Some corporate TPP proponents argue that these rules would be good for the United States because they would ban domestic preferences in all signatory countries, allowing U.S. firms to bid on procurement contracts in other countries on equal footing with domestic firms. It is a ridiculous notion that new access for some U.S. companies to bid on contracts in TPP countries is a good trade-off for waiving "Buy American" preferences on U.S. procurement: Taking even the most favorable cut on other countries' markets, the total U.S. procurement market is more than five times the size of the combined procurement market of the current TPP negotiating parties: Australia, Brunei, Canada, Chile, Japan, Malaysia, Mexico, New Zealand, Peru, Singapore and Vietnam.

Even with Japan in the TPP, the U.S. procurement market is over twice as large as the new TPP procurement market would be. Plus, Japan and the United States are already party to the WTO's Government Procurement Agreement - which covers most procurement that the TPP would likely cover.

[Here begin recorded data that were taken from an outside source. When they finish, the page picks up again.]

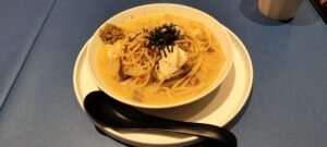 • 和風スープパスタはパンチがあり、締めのご飯まで計算された構成です
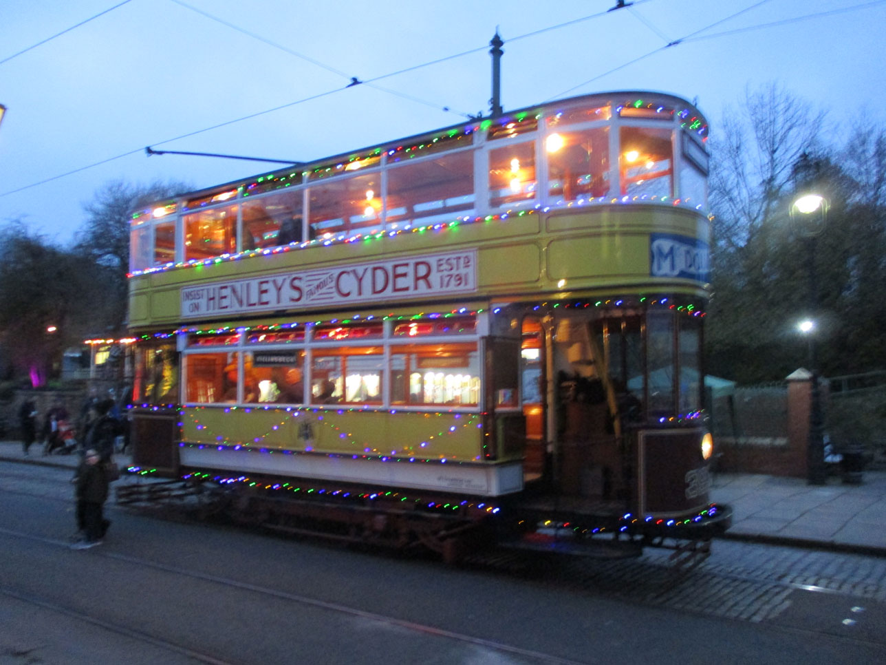 Leeds 399 with its added fairly lights at Stephenson Place.
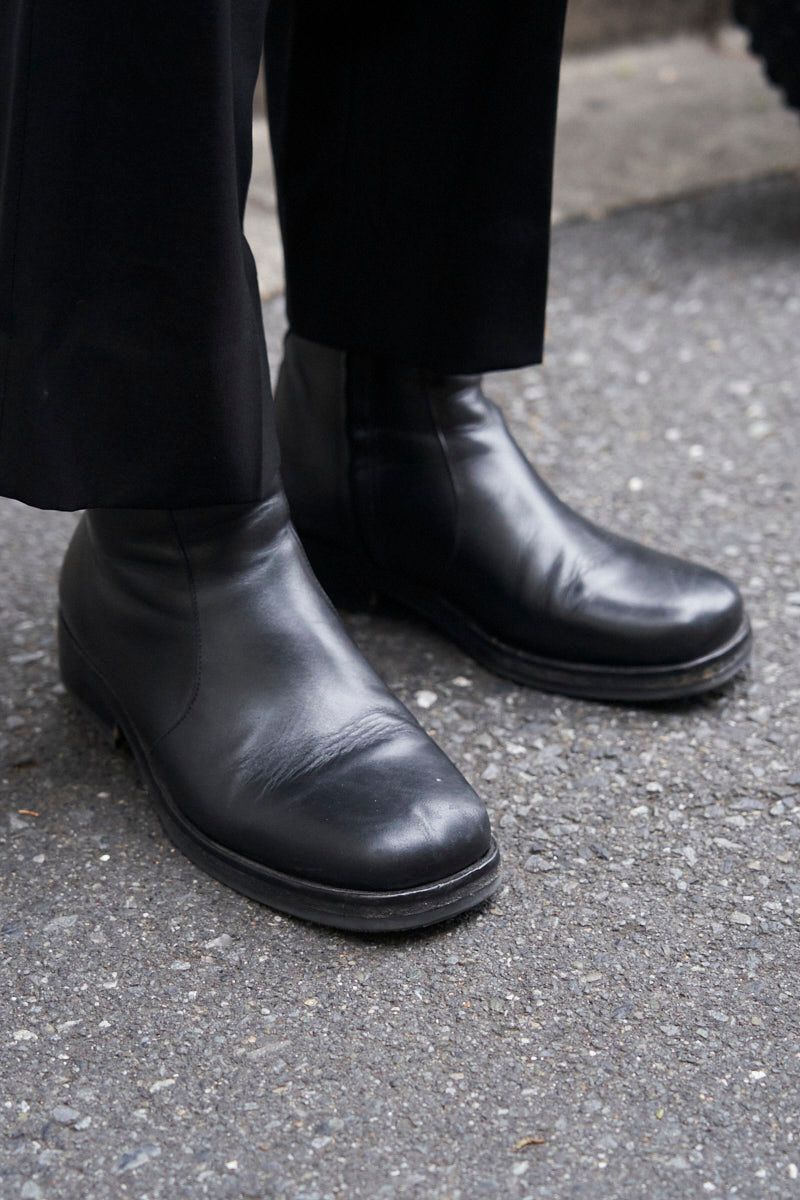 ▶︎デレックさんのスナップをすべて見るデレックさん(29歳)グレースウェットのジップシャツをタックインしたのは飾り気のない黒いスラックス。シンプルだけれど、美しく柔らかな素材感でコーディネイトに表情を生み出している。
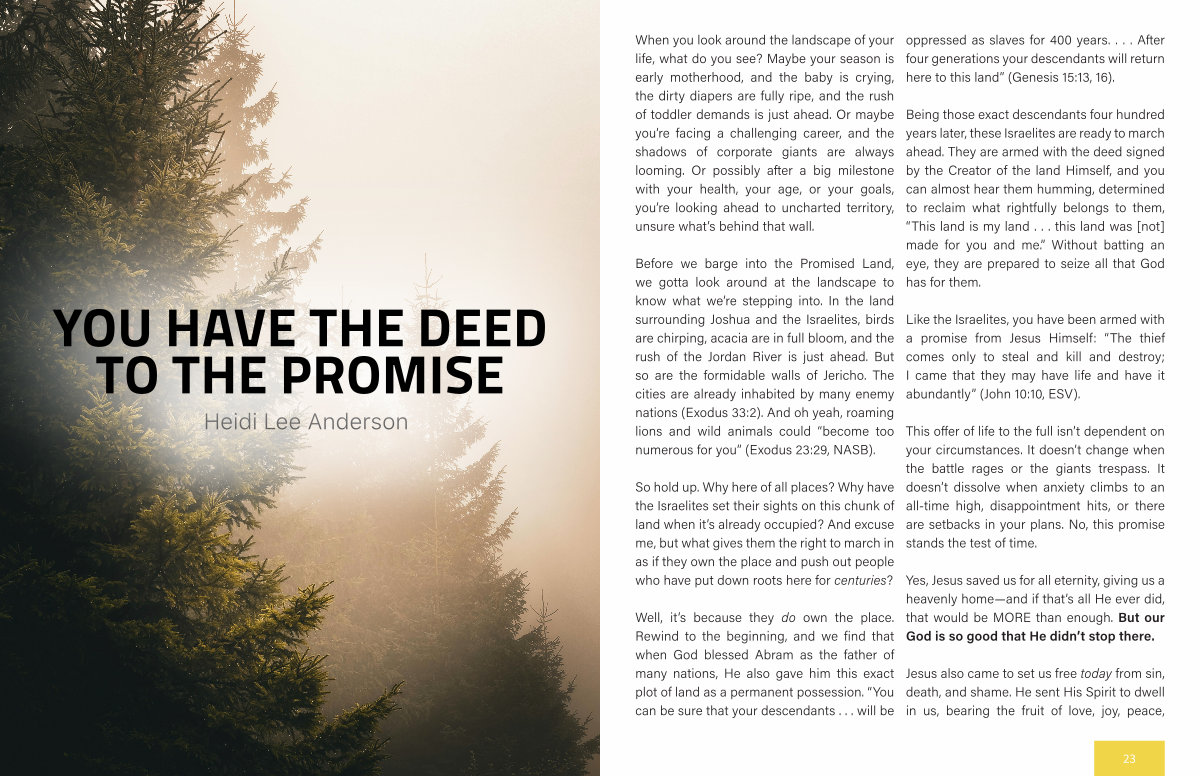 Before we barge into the Promised Land, we gotta look around at the landscape to know what we’ re stepping into. In the land surrounding Joshua and the Israelites, birds are chirping, acacia are in full bloom, and the rush of the Jordan River is just ahead. But so are the formidable walls of Jericho. The cities are already inhabited by many enemy nations( Exodus 33:2). And oh yeah, roaming lions and wild animals could“ become too numerous for you”( Exodus 23:29, NASB).

Accordingly, there will be few, if any, new procurement opportunities in Japan for the United States.


                           No Back Room Deals for the 1%

            Labor rights: Will the Trans-Pacific Partnership FTA include labor standards based on International Labor Organization conventions, and if included, how will they be enforced?
            Investment Provisions: Will the Trans-Pacific Partnership FTA include so-called “investor-state” provisions that allow individual corporations to challenge environmental, consumer and other public interest policies as barriers to trade?
            Public Procurement: Will the Trans-Pacific Partnership FTA respect nations’ and communities’ right to set purchasing preferences that keep taxpayer dollars re-circulating in local economies?
            Access to Medicines: Will the Trans-Pacific Partnership FTA allow governments to produce and/or obtain affordable, generic medications for sick people?
            Agriculture: Will the Trans-Pacific Partnership FTA allow countries to ensure that farmers and farm workers are fairly compensated, while also preventing the agricultural dumping that has forced so many family farmers off their land?